I can't fault the young officer because I wasn't there to see what went on, but it is always best to have a second officer present, if they were aware that this sick man had a weapon, which I don't know if they knew that before the officer went out on the call. 

I will pray for this young man's family and hope that you will too, or at least keep his family in your thoughts.

http://www.nydailynews.com/news/crime/ariz-critically-shot-domestic-violence-call-article-1.2058317


----------



## WhatInThe (Dec 29, 2014)

Sad. Not a good way to end the year. We should be thankful for every officer that finishes their shift alive which is a lot.

Just as sad is the pressure will not let up because the Ferguson and NY rhetoric & protest has spread with police in California and Florida under fire.

http://www.thegatewaypundit.com/201...-targeted-deputies-survive-drive-by-shooting/

http://www.latimes.com/local/lanow/la-me-ln-lapd-patrol-car-shot-20141228-story.html

I hope police don't turn this into the Dorner manhunt where several completely innocent unassociated civilians were shot. I think the police have much more support now.


----------



## oldman (Dec 29, 2014)

With New Year's Eve just around the corner, I can only hope that all police stay safe.


----------



## Ralphy1 (Dec 30, 2014)

We can only hope that colder weather will keep these protesters from stirring up more hatred toward police...


----------



## kcvet (Dec 30, 2014)




----------



## tnthomas (Dec 30, 2014)

As a citizen and a retiree from a large So Calif. LE agency I am always grieved by such news.     Those that incite hatred towards law enforcement should be called-out, perhaps prosecuted for their actions.


----------



## QuickSilver (Dec 30, 2014)

tnthomas said:


> As a citizen and a retiree from a large So Calif. LE agency I am always grieved by such news.     Those that incite hatred towards law enforcement should be called-out, perhaps prosecuted for their actions.
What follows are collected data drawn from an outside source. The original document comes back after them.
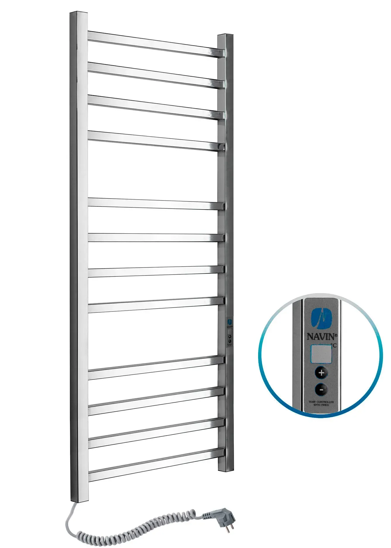 Рушникосушка Loft 500х1200 Digital ліва від українського виробника NAVIN виготовлена з нержавіючої сталі, яка відрізняється високою якістю і міцністю. Товщина стінки перемичок рушникосушарки складає 1,5 мм, а бокових колекторів 2 мм.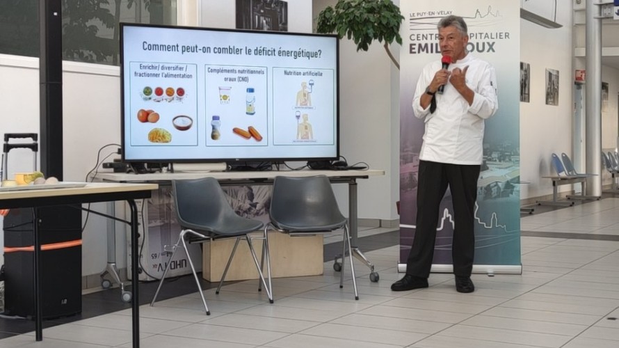 Pour cette journée mondiale des soins palliatifs, le CHER a fait appel à Régis Marcon pour parler de l'importance de la nourriture dans les soins. ©RCF Haute-LoireLe 10 octobre est la Journée mondiale des soins palliatifs. L’occasion pour les soignants de mettre en avant la culture palliative. Cette année, les équipes du CHER ont choisi de promouvoir l’alimentation. Même gravement malade, la nourriture joue toujours un rôle important. En effet, selon l’équipe de l’hôpital ponot, bien manger « participe à maintenir de la masse musculaire ». Une masse nécessaire pour supporter les traitements lourds.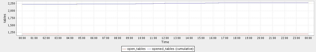 avg(open_tables) = 1199.88 avg(opened_tables (cumulative)) = 2253.06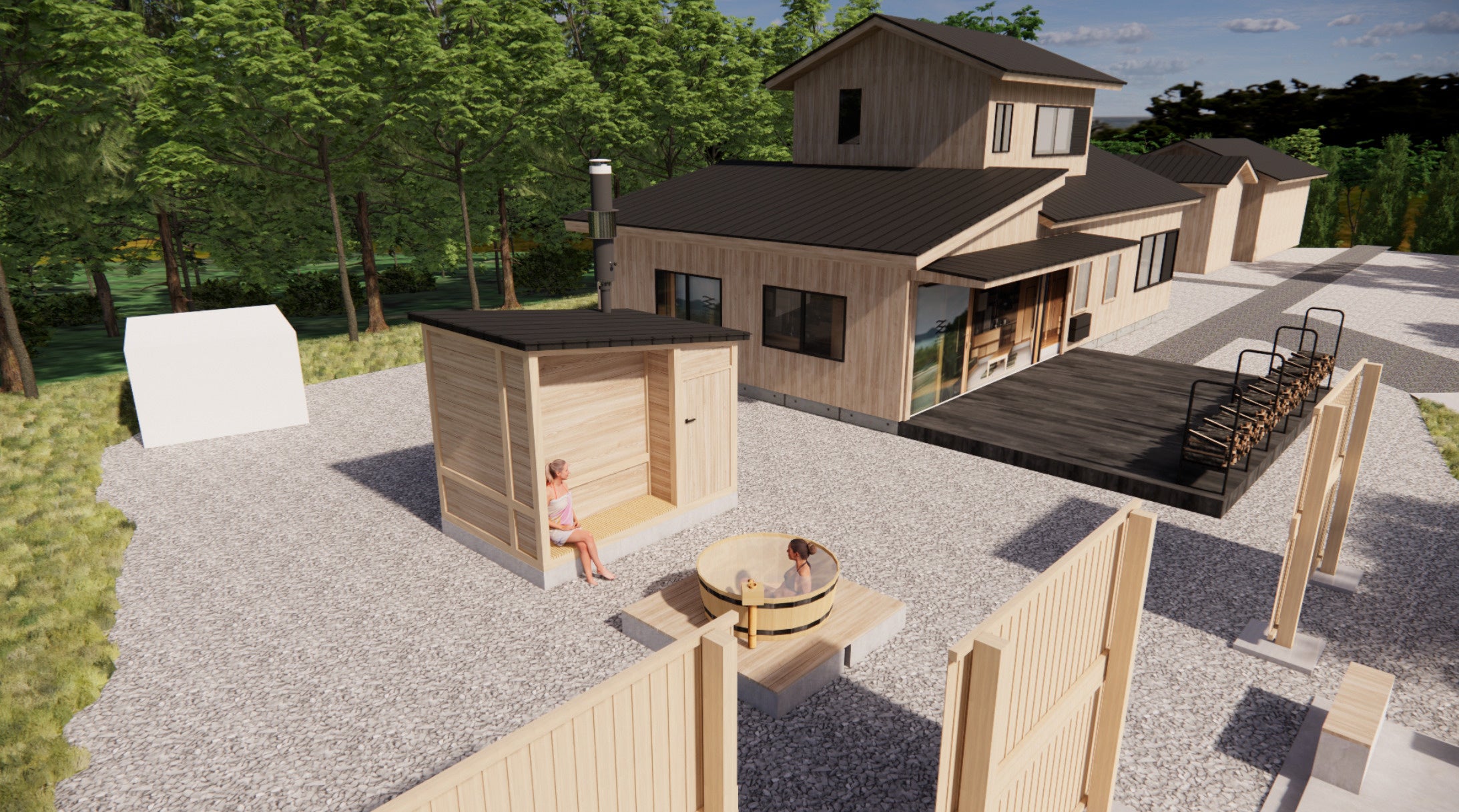 早速、熊野古道を歩いて泊まるには何が必要かハイカーを対象に調べたところ、「山歩きの疲労を癒やすための温泉がほしい」との声が複数上がりました。ただ、宿がある田辺市中辺路町高原地区は山の上にあるため、公共の水道が通っておらず、温泉を引くのは条件的に無理があります。そこで思いついたのがサウナ。熊野古道を数時間トレッキングして、サウナと水風呂に入って整い、翌日また古道の続きを歩く。これなら、当宿が掲げる”リトリート体験”にも当てはまる。そして、「整う」は「蘇り」と相通じる部分がある。「熊野古道における究極のリトリート体験は、サウナではないだろうか?」と気づき、それを次なるミッションに掲げました。

Yes... just as the police who kill unarmed people... and strangle them to death on camera should..  It is a two way street..   There are bad cops.. there are cops that abuse their power too..  wearing a badge does not make you above the law.  They are not always justified in what they do and they should be called out and prosecuted for their actions..  not given a free pass to terrorize.
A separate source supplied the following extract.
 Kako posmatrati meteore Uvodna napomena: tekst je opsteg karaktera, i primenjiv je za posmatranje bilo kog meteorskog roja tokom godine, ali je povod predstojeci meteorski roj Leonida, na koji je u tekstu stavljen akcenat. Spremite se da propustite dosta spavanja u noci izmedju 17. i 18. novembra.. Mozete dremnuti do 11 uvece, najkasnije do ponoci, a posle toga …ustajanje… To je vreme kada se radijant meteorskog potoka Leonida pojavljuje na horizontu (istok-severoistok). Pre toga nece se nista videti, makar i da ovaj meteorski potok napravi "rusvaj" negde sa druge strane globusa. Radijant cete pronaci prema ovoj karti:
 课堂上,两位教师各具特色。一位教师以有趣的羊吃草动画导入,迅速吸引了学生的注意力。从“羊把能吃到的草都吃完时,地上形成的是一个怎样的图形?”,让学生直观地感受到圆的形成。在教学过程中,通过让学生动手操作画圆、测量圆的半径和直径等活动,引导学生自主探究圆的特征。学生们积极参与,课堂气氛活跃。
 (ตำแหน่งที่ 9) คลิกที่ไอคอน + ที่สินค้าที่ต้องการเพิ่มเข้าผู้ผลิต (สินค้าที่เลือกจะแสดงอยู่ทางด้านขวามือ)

Ok...  I'm bracing myself for being called a cop hater and whatever else you want to call me...  Because you all don't know that I am not in favor of the random killing of police for no reason...  Right?.....   /sarcasm.


----------



## tnthomas (Dec 30, 2014)

QuickSilver said:


> Yes... just as the police who kill unarmed people... and strangle them to death on camera should..  It is a two way street..   There are bad cops.. there are cops that abuse their power too..  wearing a badge does not make you above the law.  They are not always justified in what they do and they should be called out and prosecuted for their actions..  not given a free pass to terrorize.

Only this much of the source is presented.